1. The authors use 3 LAB stains (L.plantarum, W.cibaria, and L.brevis) throughout this study. However, there was no information of the probiotics concentrations/amount (such as CFU/g). It must be provided.

2. Before this study, the evaluation of cytotoxicity is very important. The authors mentioned the cytotoxicity of LAB was done (materials and methods). However, there was not further information about those cytotoxicity. The cytotoxicity results must be shown for probiotic concentration/amount.

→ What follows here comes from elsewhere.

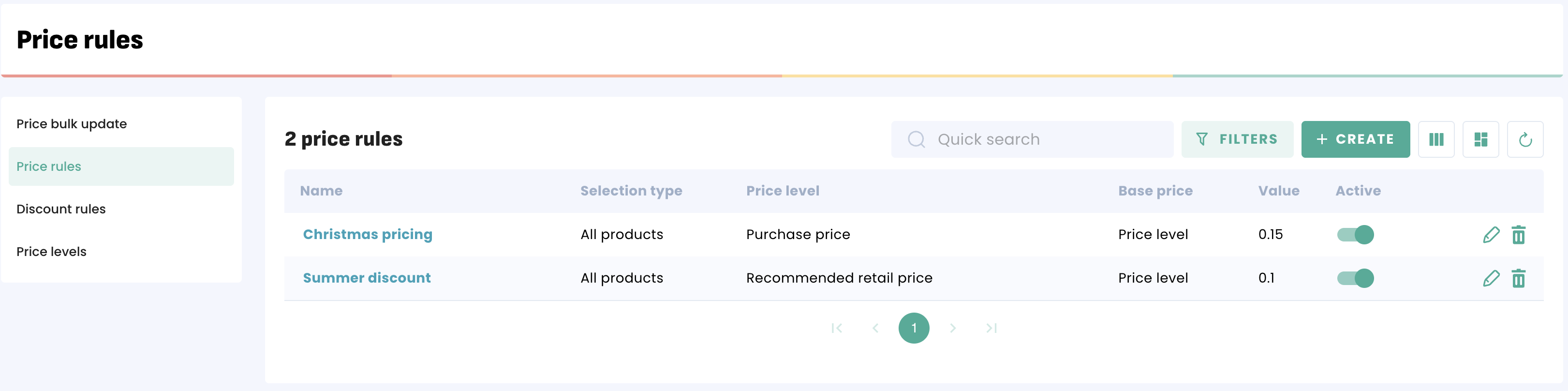 To create and manage price rules, open the menu: Products > Prices and discounts:

3. The authors used heat-killed LABs (materials and methods). After heat-killing of LABs, the evaluation of cytotoxicity is meaningful? (it looks like LABs were all inactivated). Explain more.

4. The authors used in vitro experiments using LX-2 and it seems that LABs had certain protective effects in the progression of HSC activations. Albeit those in vitro data, it is very difficult/cautious to draw a conclusion that LABs have a beneficial role in the liver fibrosis. The process of liver fibrosis is very complex and many different cells are involved in. To draw the results, in vivo mouse model must be included. Hepatic fibrosis with/without pretreatment of LABs (maybe via oral administration) must be done for this conclusion.

5. In figure1, the order of X-axis needs to be changed according to other data set. Control -> TGF-b -> L.plantarum -> W.cibaria -> L.brevis

6. The data set is about HSC activation (figure3) and proinflammatory cytokines (figure4). It is recommended combined together figure3 and figure 4 to a “one figure”

7. Up to figure4, the authors used pretreatment of LAB (48h) and TGF-b treatment for 24 hours. However, TGF-b treatment was only 120 minutes in figure 5,6,7. Was there any specific reasons to change time frame?

8. In figure 6 and 7 western blotting data, the authors used p-p38,p-ERK, IkB alpha and p-AKT. In this case, total form of those proteins (total ERK, total p38…) must be added.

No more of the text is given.